• [What is being asked] Retype each line of the data below exactly, beginning with the first and ending with the one that contains "Two sets of". Pictures do not belong in the copy.

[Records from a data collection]
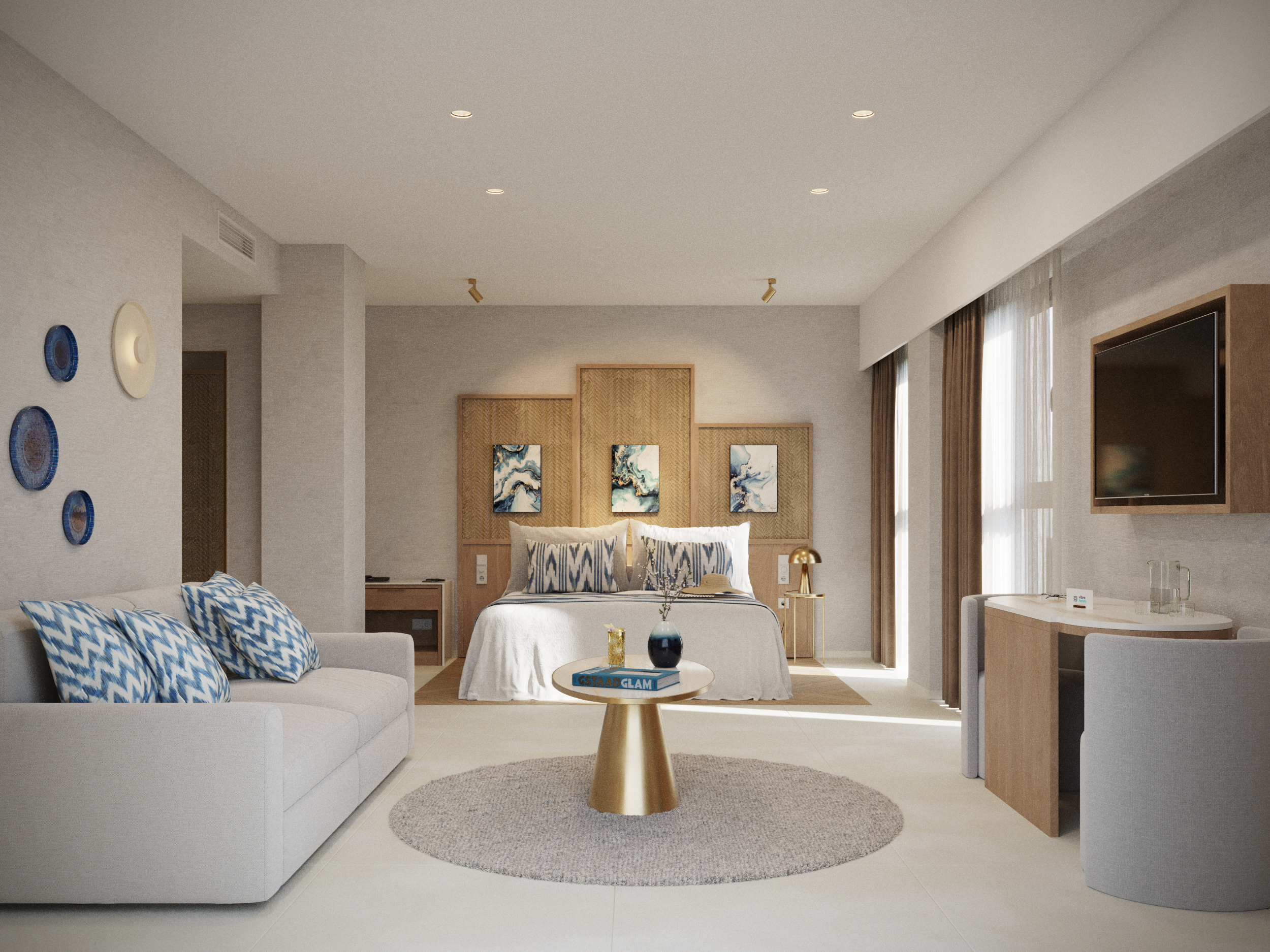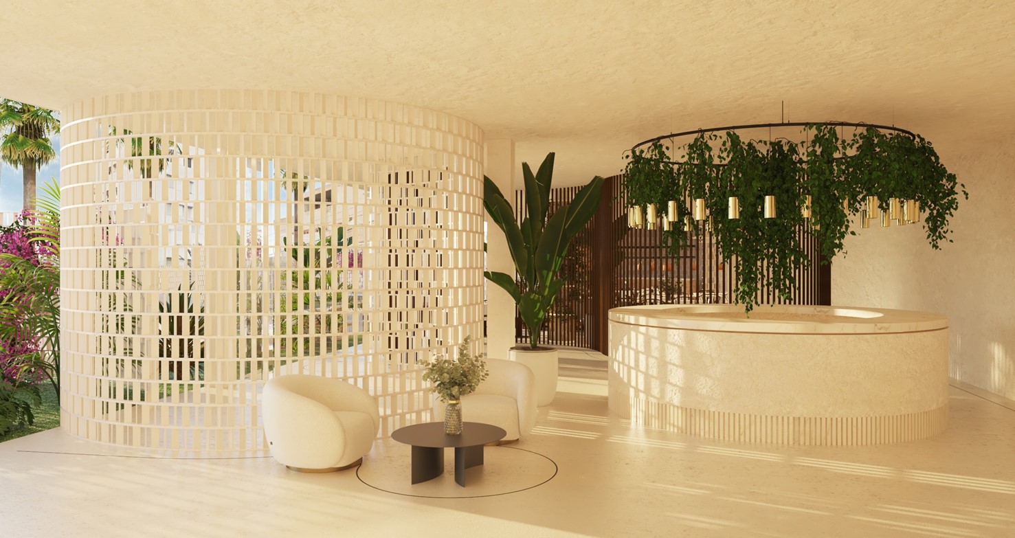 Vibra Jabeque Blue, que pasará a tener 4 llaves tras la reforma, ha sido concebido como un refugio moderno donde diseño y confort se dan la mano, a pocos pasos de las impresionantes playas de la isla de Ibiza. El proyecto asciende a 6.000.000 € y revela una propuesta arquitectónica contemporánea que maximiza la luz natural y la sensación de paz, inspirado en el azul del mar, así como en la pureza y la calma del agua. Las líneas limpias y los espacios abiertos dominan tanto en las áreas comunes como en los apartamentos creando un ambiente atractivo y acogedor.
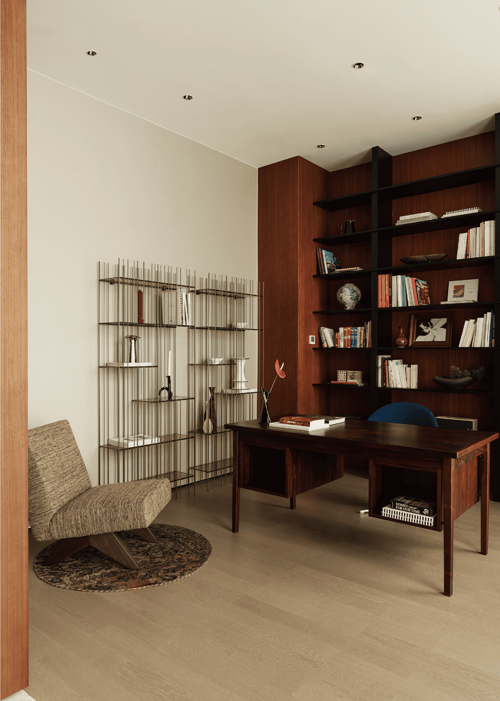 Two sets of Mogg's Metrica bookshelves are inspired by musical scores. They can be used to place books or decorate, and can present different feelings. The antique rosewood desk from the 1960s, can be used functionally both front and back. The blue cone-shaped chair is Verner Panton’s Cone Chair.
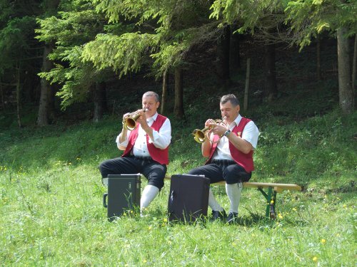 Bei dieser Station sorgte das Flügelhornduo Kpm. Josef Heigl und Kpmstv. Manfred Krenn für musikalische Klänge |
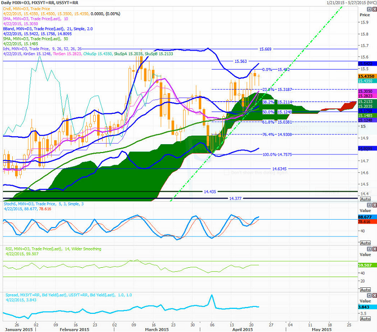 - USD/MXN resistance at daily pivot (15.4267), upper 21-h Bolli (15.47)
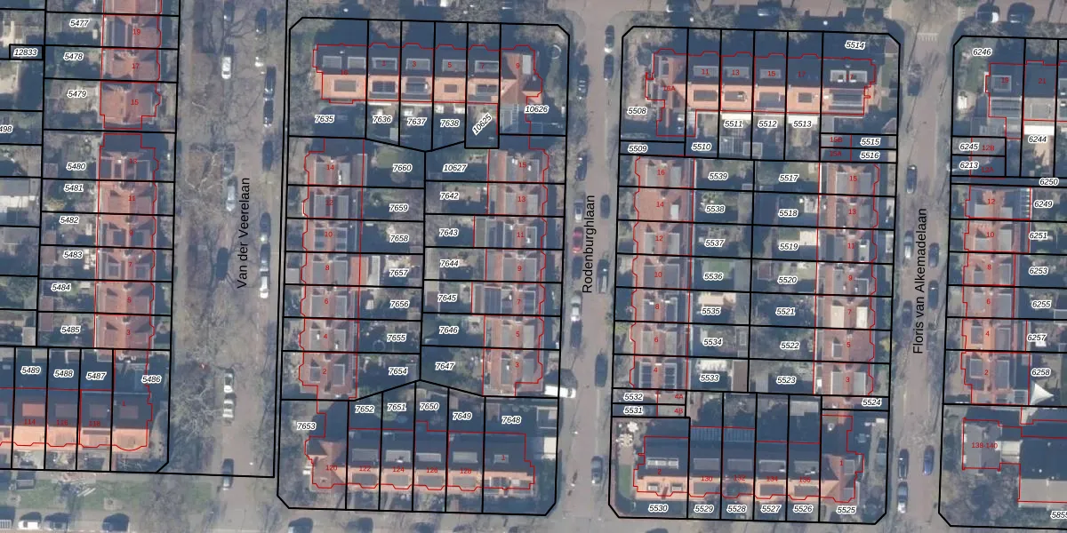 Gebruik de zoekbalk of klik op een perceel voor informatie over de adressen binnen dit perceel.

• [Exercise result]
 Vibra Jabeque Blue, que pasará a tener 4 llaves tras la reforma, ha sido concebido como un refugio moderno donde diseño y confort se dan la mano, a pocos pasos de las impresionantes playas de la isla de Ibiza. El proyecto asciende a 6.000.000 € y revela una propuesta arquitectónica contemporánea que maximiza la luz natural y la sensación de paz, inspirado en el azul del mar, así como en la pureza y la calma del agua. Las líneas limpias y los espacios abiertos dominan tanto en las áreas comunes como en los apartamentos creando un ambiente atractivo y acogedor.
 Two sets of Mogg's Metrica bookshelves are inspired by musical scores. They can be used to place books or decorate, and can present different feelings. The antique rosewood desk from the 1960s, can be used functionally both front and back. The blue cone-shaped chair is Verner Panton’s Cone Chair.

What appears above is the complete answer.